TCP delivers arbitrary byte chunks — you add framing (e.g. length prefix) and buffer until a full frame arrives

Key idea {Ý chính}: 'data' tells you “more bytes arrived” — not “here is one complete message” {'data' báo “thêm byte đã đến” — không phải “đây là một message hoàn chỉnh”}.

The naive server that breaks {Server ngây thơ bị vỡ}

This server assumes one 'data' event = one JSON message {Server này giả định một sự kiện 'data' = một message JSON}. It works on localhost with tiny payloads — then fails under real traffic {Chạy được trên localhost với payload nhỏ — rồi hỏng khi traffic thật}.

import { createServer } from 'node:net';

const server = createServer((socket) => {
  socket.on('data', (chunk: Buffer) => {
    // ❌ WRONG: treats each chunk as a complete message
    const msg = JSON.parse(chunk.toString('utf8'));
    console.log('got:', msg);
    socket.write(JSON.stringify({ ok: true, echo: msg }) + '\n');
  });
});

server.listen(3000);

A client that fires two small messages quickly {Client gửi hai message nhỏ liên tiếp}:

import { connect } from 'node:net';

const socket = connect(3000, () => {
  socket.write(JSON.stringify({ id: 1, cmd: 'ping' }));
  socket.write(JSON.stringify({ id: 2, cmd: 'ping' }));
});

What breaks {Điều gì hỏng}:

Coalescing — one 'data' chunk might be {"id":1,...}{"id":2,...} → JSON.parse throws SyntaxError {Gộp — một chunk có thể là {"id":1,...}{"id":2,...} → JSON.parse ném SyntaxError}.
Splitting — chunk 1 might be {"id":1,"cmd":"pi and chunk 2 ng"} → parse fails on both halves {Cắt — chunk 1 có thể là {"id":1,"cmd":"pi và chunk 2 ng"} → parse thất bại trên cả hai nửa}.
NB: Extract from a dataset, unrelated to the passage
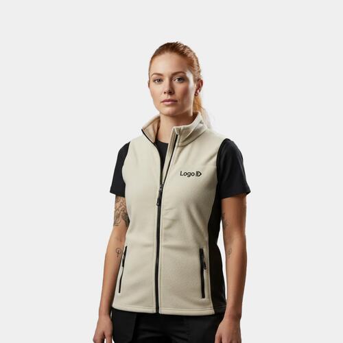Beżowa damska kamizelka polarowa z pełnym zamkiem błyskawicznym i kieszeniami bocznymi.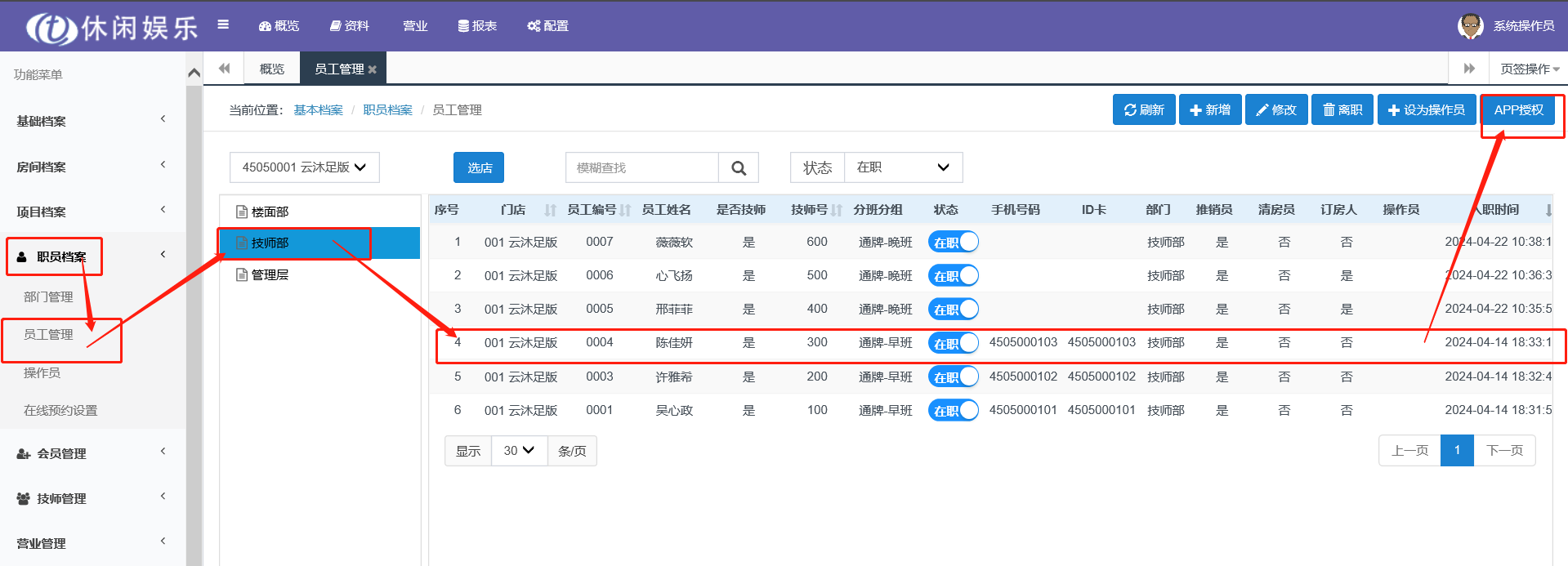 | 后台系统-职员档案-选择“技师部”门人员信息,授权技师APP |

The fix is never “hope chunks align” — you frame messages on the wire and buffer on the read side until a full frame is available {Cách sửa không bao giờ là “hy vọng chunk khớp” — bạn đóng khung message trên dây và buffer phía đọc cho đến khi có frame đủ}.
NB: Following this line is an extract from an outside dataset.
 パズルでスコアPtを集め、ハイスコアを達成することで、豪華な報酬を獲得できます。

Framing strategy A: delimiter-based {Chiến lược framing A: delimiter}

The simplest framing: pick a delimiter bytes cannot appear in the payload (or escape them) {Framing đơn giản nhất: chọn delimiter mà byte payload không thể chứa (hoặc escape chúng)}. Text protocols often use newline — one message per line, aka NDJSON when each line is JSON {Giao thức text thường dùng xuống dòng — một message mỗi dòng, hay NDJSON khi mỗi dòng là JSON}.

// Encode: payload + '\n'
function encodeLine(obj: unknown): Buffer {
  return Buffer.from(JSON.stringify(obj) + '\n', 'utf8');
}

// Decode: accumulate bytes, split on '\n', emit complete lines
class LineDecoder {
  private buf = Buffer.alloc(0);

  push(chunk: Buffer): string[] {
    this.buf = Buffer.concat([this.buf, chunk]);
    const lines: string[] = [];
    let start = 0;

    for (let i = 0; i < this.buf.length; i++) {
      if (this.buf[i] === 0x0a) {
        // byte before newline is one complete message
        lines.push(this.buf.subarray(start, i).toString('utf8'));
        start = i + 1;
      }
    }

    // keep incomplete tail for next chunk
    this.buf = this.buf.subarray(start);
    return lines;
  }
}

Server using the line decoder {Server dùng line decoder}:

import { createServer } from 'node:net';

const decoder = new LineDecoder();

const server = createServer((socket) => {
  const perSocket = new LineDecoder();

  socket.on('data', (chunk) => {
    for (const line of perSocket.push(chunk)) {
      const msg = JSON.parse(line) as { id: number; cmd: string };
      console.log('frame:', msg);
      socket.write(encodeLine({ ok: true, id: msg.id }));
    }
  });
});

server.listen(3000);

Delimiter framing is great for logs, chat, and human-debuggable protocols {Framing delimiter tốt cho log, chat, và giao thức debug được bằng mắt}. It struggles when payloads are binary or must contain the delimiter byte {Khó khi payload là binary hoặc phải chứa byte delimiter}.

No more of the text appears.